Suppose the grouping field of table T is gid and time field is time1. The calculation requirement is to group the records of table T, which satisfy a certain condition (the condition changes based on the specific situation and may include the given parameter variables), by gid and find the earliest records of each group.

 

SQL1: for database that does not support window functions

Select T1.gid,T1.time1,…,

not exist (select 1 from T T2

where T1.gid=T2.gid and T2.time1<T1.time1 and …) isFirst

where isFirst =true and …

The database usually converts EXISTS to JOIN to avoid traversing and performs well. However, the EXISTS in SQL1 whose condition is non-equivalence comparison, cannot be converted to JOIN. The database searches the data of the same gid with an earlier time for every record when it traverses the filtered data from table T, which results in bad performance.

 

SQL2: for database that supports window functions

select * from

(select gid,time1,

row_number()over (partition by gid order by time1 asc) rn

from T

where ...)

where rn=1

Generally speaking, the result set of grouping the filtered table T by gid tends to be big. To perform big group requires buffering on external storage, causing the bad computation performance.

 

Solution

1. Presorting and order-based algorithm

We first presort the original data orderly according to the grouping field. The algorithm traverses the ordered data satisfying the condition, reads the data of each group into memory in turn, and retrieves the records with the earliest time field.
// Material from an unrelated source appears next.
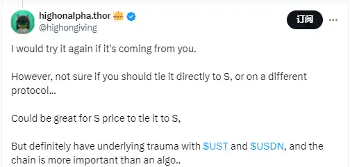 قال باحث DeFi highonalpha عن ذلك: لست متأكدًا مما إذا كان ينبغي ربطه مباشرة بـ S، أم ربطه ببروتوكولات مختلفة… قد يكون من الجيد ربط السعر بـ S، لكن $UST و $USDN بالتأكيد لديهما صدمات محتملة، والأهم من ذلك أن blockchain أكثر أهمية من الخوارزمية نفسها.

This method avoids searching for every record and performing grouping with a big result, thus improving the performance greatly.

 

We can also sort the original data by both grouping field and time field beforehand and spare the resorting of each group, which improves the performance less effectively, but simplifies the code obviously.

 

In fact, many grouping fields of in-group time-series calculation are certain (like the user ID and the account number) rather than randomly chosen. Sorting data by these certain fields can help many situations of in-group time-series calculation. Other in-group time-series calculations only differ in the specific algorithms, which will be introduced on their own.

 

Presorting is slow yet one-off and holds only one kind of storage without redundant data.

 

SQL, based on the unordered set, cannot ensure either the data of each group are orderly stored or the records of each group can be directly read in time order. Therefore, order-based algorithms cannot be performed directly. Instead, extra calculation is needed to ensure the retrieved data are in time order.

 

2. Newly-added data

Newly-added data are not always ordered by the grouping field, so they should not be simply appended to the end of the already ordered data. And it will be very time-consuming to directly do an ordinary full sorting of the existing data and the new data together.

 

Instead, we can sort the newly-added data first and then, along with the already ordered data, perform low-cost order-based MERGE algorithm to generate a new ordered data table. In this way, the overall degree of complexity equals to reading and writing the whole data once, which avoids the frequent temporary external buffering in ordinary full sorting, thus improving the performance greatly.

 

Furthermore, we can keep a small-scale ordered table additionally (hereinafter referred to as patch data), which will merge with the newly-added data while keeping the old ordered data unchanged. The patch data will merge with the old ordered data until they accumulate to a suitable size after a while. When performing the in-group time-series calculation, the algorithm reads from the old ordered data and patch data respectively, merges them and then calculates. In this manner, the performance will be a bit slower compared with handling one table of ordered data, but the data orderliness can still make the computation much faster.

 

The time when to merge the patch data with the old ordered data is related to the cycles when data should be added. If new data are added every day, we can do the merge once a month. The patch data store data of one month at most and the existing ordered data contain all data one month ago. That is, the patch data may be far smaller than the old ordered data, so the data to be merged every day is relatively small and the data appending is fast. As we do the whole-data order-based merge only once a month, it is fairly acceptable that it takes a littler longer to complete.  

 

Code sample

1. Retrieve the earliest records in the group when the data is ordered by grouping field and unordered by time field.

 


A

1

=file("T.ctx").open().cursor(gid,time1,;)

2

=A1.group(gid).(~.minp(time1))

3

 

A1: open the composite table T.ctx, and create a cursor based on it. The where the condition is written after the semicolon.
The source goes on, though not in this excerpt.